The moving party bears the initial burden of demonstrating the absence of a genuine issue of material fact for trial. Anderson, 477 U.S. at 256, 106 S.Ct. at 2514. Whether á fact is material is determined by looking to the governing substantive law; a fact is material if it may affect the outcome of the suit. Id. at 248, 106 S.Ct. at 2510. If the moving party seeks summary adjudication with respect to a claim or defense upon which it bears the burden of proof at trial, its burden must be satisfied by affirmative admissible evidence. By contrast, when the non-moving party bears the burden of proving the claim or defense, the moving party can meet its burden by pointing out the absence of evidence from the non-moving party. The moving party need not disprove the other party’s case. See Celotex, 477 U.S. at 325, 106 S.Ct. at 2553-54; see also Schwarzer, Tashima & Wagstaffe, Federal Civil Procedure Before Trial §§ 14:123-141 (1993).

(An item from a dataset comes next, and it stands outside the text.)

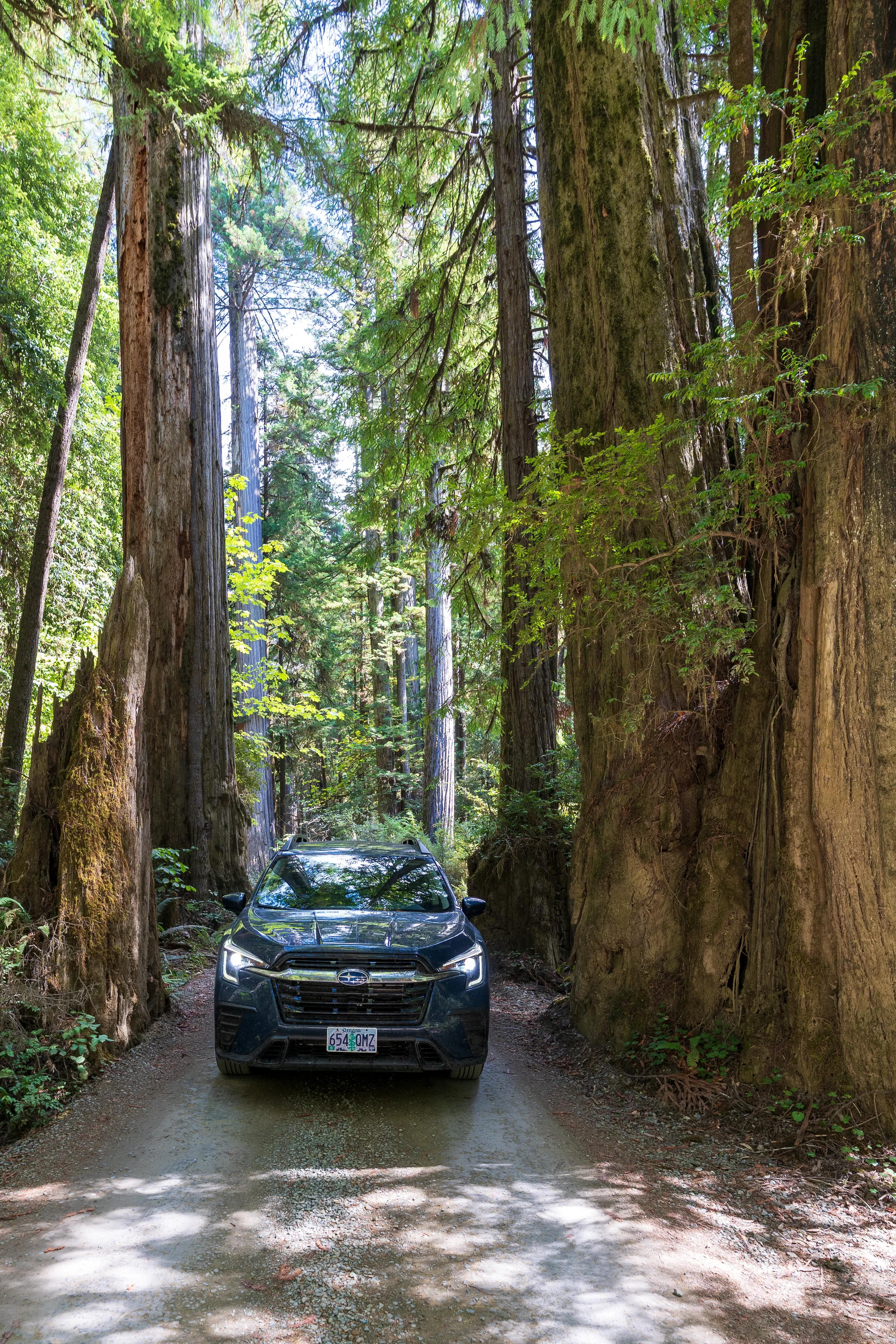 Wir starten unsere Tour im Norden des RNSP im Jedediah Smith Redwoods State Park im Hiouchi Visitor Center. Von dort aus geht es den Howland Hill Rd Scenic Drive durch einen Wald voller Baumriesen. Die Straße schlängelt sich durch die riesigen Baumstämme und lässt einen wirklich klein vorkommen - selbst wenn man in einem großen Auto sitzt.

When the moving party meets its burden, the “adverse party may not rest upon the mere allegations or denials of the adverse party’s pleadings, but the adverse party’s response, by affidavits or as otherwise provided in this rule, must set forth specific facts showing that there is a genuine issue for trial.” Fed.R.CivJP. Rule 56(e). Summary judgment will be entered against the non-moving party, when appropriate, if that party does not present these specific facts. Id.

In assessing whether the non-moving party has raised a genuine issue, its evidence is to be believed, and all justifiable inferences are to be drawn in its favor. Anderson, 477 U.S. at 255, 106 S.Ct. at 2513-14 (citing Adickes v. S.H. Kress and Company, 398

U.S. 144, 90 S.Ct. 1598, 26 L.Ed.2d 142 (1970)). Nonetheless, “the mere existence of a scintilla of evidence” is insufficient. Id. at 252, 106 S.Ct. at 2512. As the Court explained in Matsushita, 475 U.S. at 586-87, 106 S.Ct. at 1356:

When the moving party has carried its burden under Rule 56(c), its opponent must do more than simply show that there is some metaphysical doubt as to the material facts____ Where the record taken as

a whole could not lead a rational trier of fact to find for the nonmoving party, there is no “genuine issue for trial.”,

However, an alleged “genuine issue” will not defeat summary judgment where the factual context makes the nonmovant’s allegations implausible. See California Architectural Bldg. Prods., Inc. v. Franciscan Ceramics, Inc., 818 F.2d 1466, 1468 (9th Cir.1987).